For the viral proliferation studies, 2×104 cells were seeded per well in 12-well plates in 1 mL medium. After incubation for 6 hours, NV1023 (100 µL) was added to each well at MOIs of 0.01, 0.1, and 1. Supernatant containing released virus was collected at day 2 and frozen. Vero cells were grown to confluence on 6-well plates. Supernatant samples were thawed, and samples were diluted 10-fold serially. Dilutions were then incubated on confluent Vero cells for 4 hours. Wells were washed with medium and covered with 1% agarose in medium. After 48 hours, 2 mL of neutral red solution (2% by volume) was added, and viral plaques were counted 24 hours later. Samples were done in triplicate.

Immunoblotting

For expression of β-galactosidase and HSV1TK, cells were grown in 6 well plates.
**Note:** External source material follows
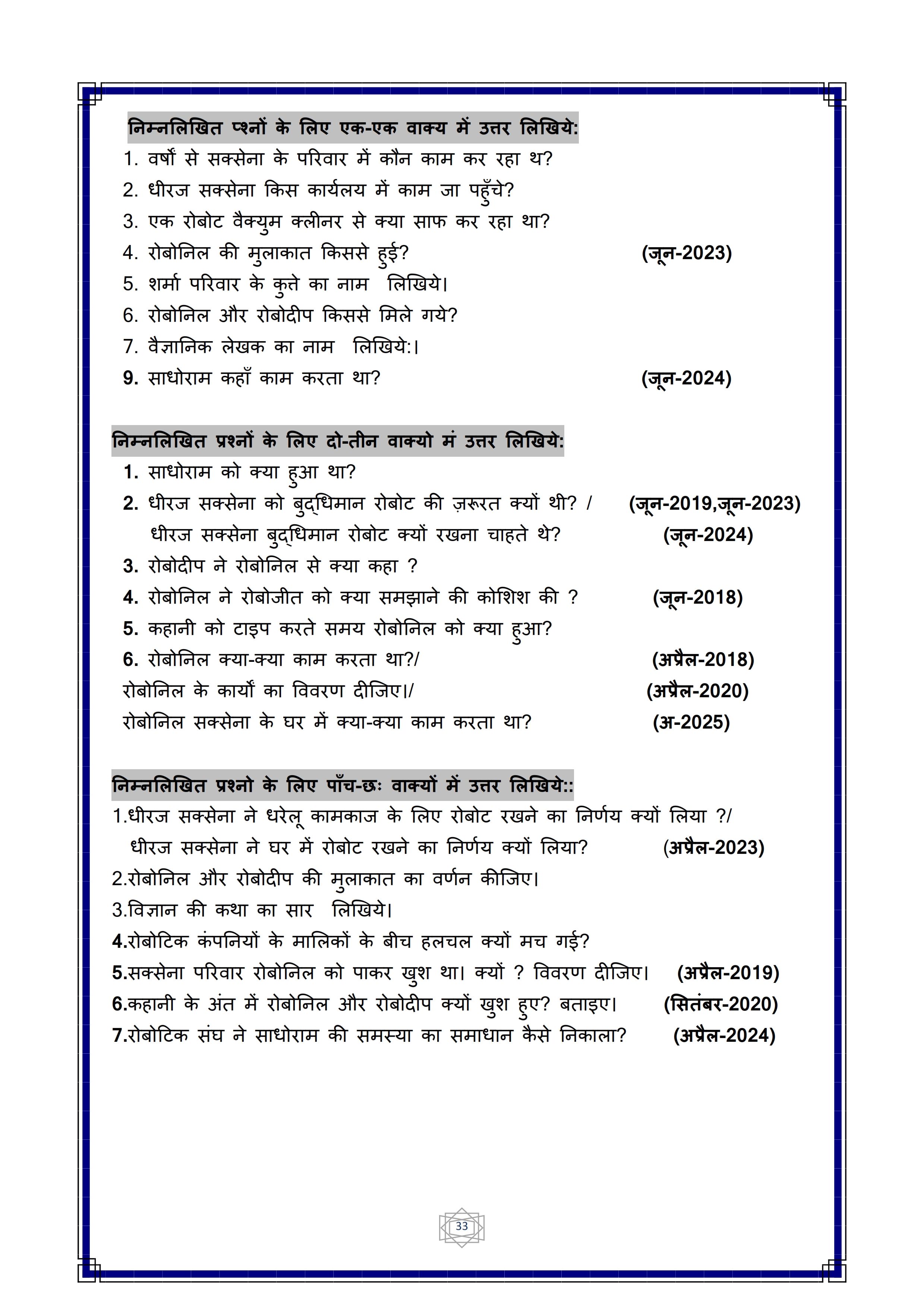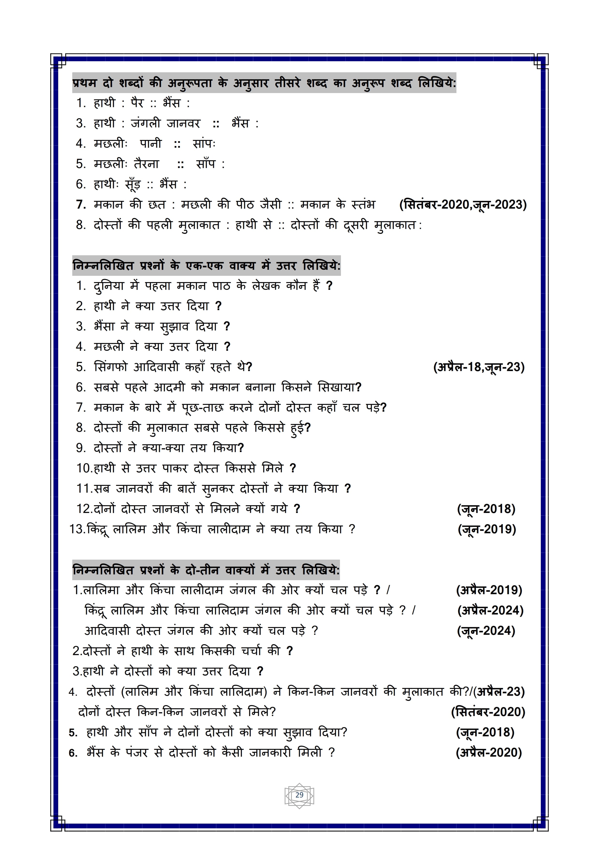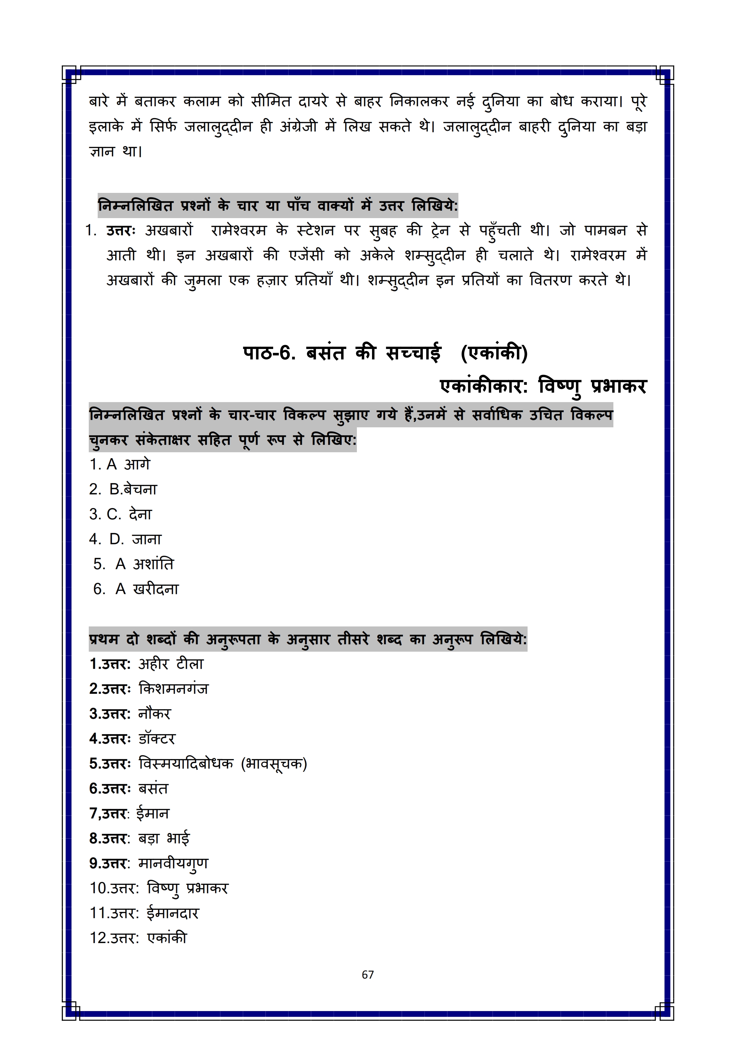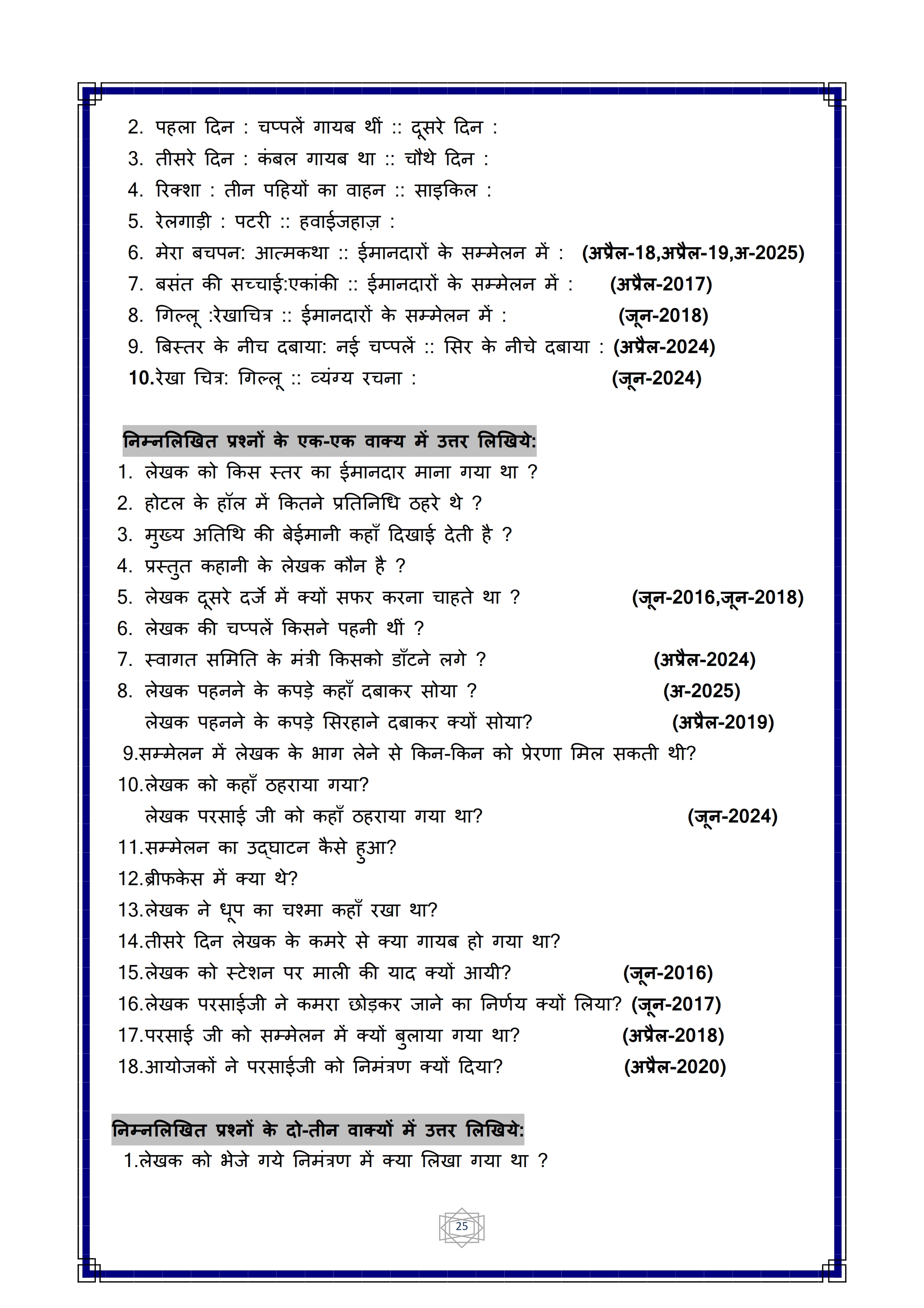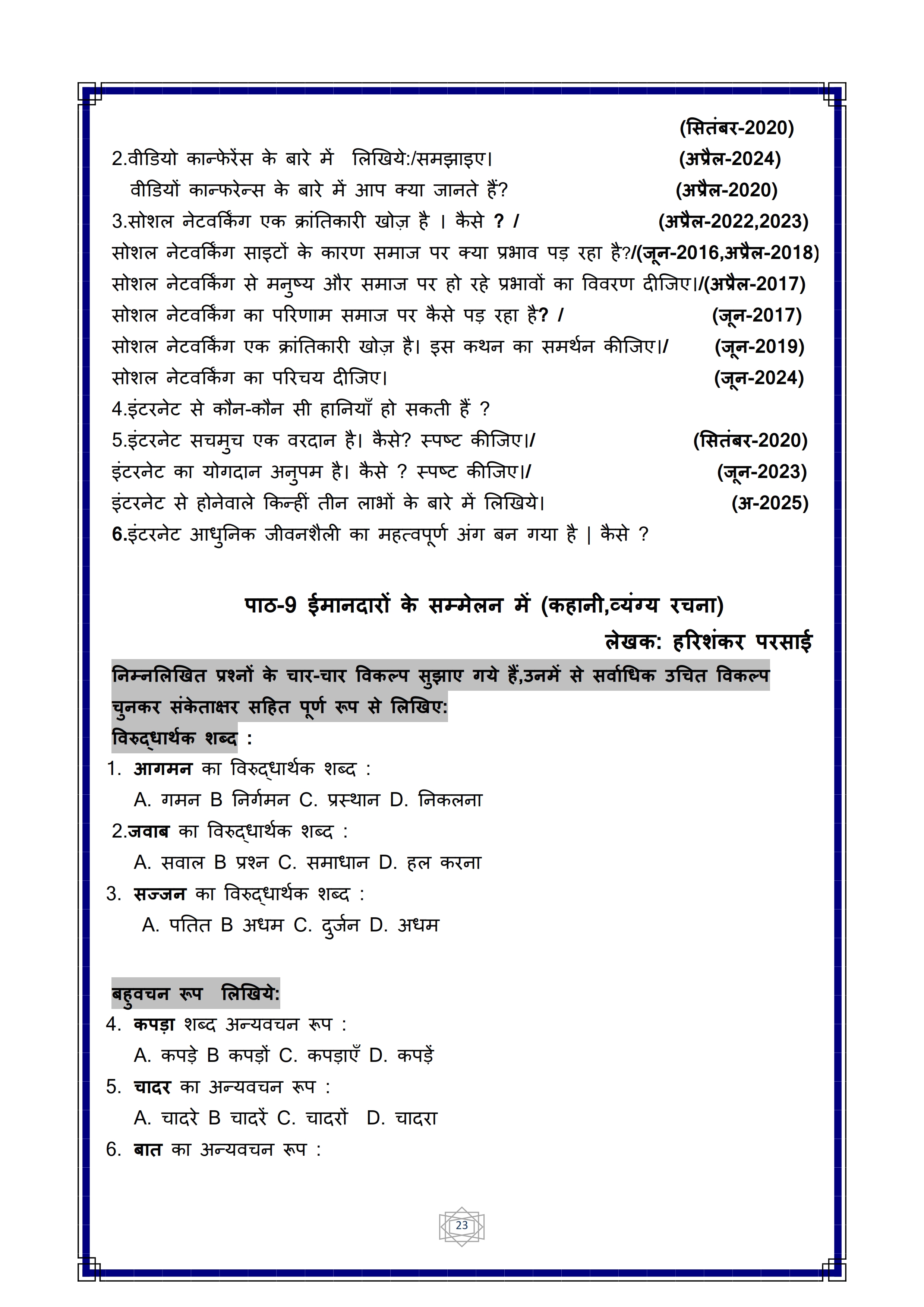 Karnataka SSLC Hindi Question Bank

Forty-eight hours after infection with NV1023 at MOIs of 0.01, 0.1 and 1, cells were released without enzymatic digest at 4°C. Cell pellets were sonicated for 10 seconds and clarified by centrifugation. Total protein (50 µg) underwent electrophoresis in 7.5% Tris-HCl gels (Bio-Rad, Hercules, CA) and was transferred to polyvinylidene difluoride membranes, blocked and exposed to primary antibody followed by a secondary antibody conjugated to horseradish peroxidase. Bands were developed using an ECL Plus detection system (Amersham, Piscataway, NJ). Density was quantified using a computer-controlled CCD camera (AlphaImager Imaging Systems, Alpha Innotech, San Legndra, CA). The following antibodies were used: β-actin, HSV1-TK and β-galactosidase (Santa Cruz Biotech, Santa Cruz, CA)

Statistical Analysis

Student t tests or analyses between groups were used for statistical analysis as appropriate. Differences were considered significant at P<0.05. All data is represented as mean±SD, unless otherwise indicated. All experiments were repeated in triplicate. Data from representative experiments are shown.

Results

Time course of NV1023 infection

We first evaluated the ability of NV1023, a replication-competent HSV, to infect malignant melanoma cells in vitro using a viral amplification assay. Cells were infected with NV1023 at MOIs of 0.01–1 and viral titers measured at 48 hours. NV1023 demonstrated highly efficient replication in B16-F10 melanoma cells within 48 hours after infection. As shown in Figure 2A, melanoma cells strongly supported viral proliferation, with an approximately 100-fold increase in viral titer from MOI of 0.01 to 1.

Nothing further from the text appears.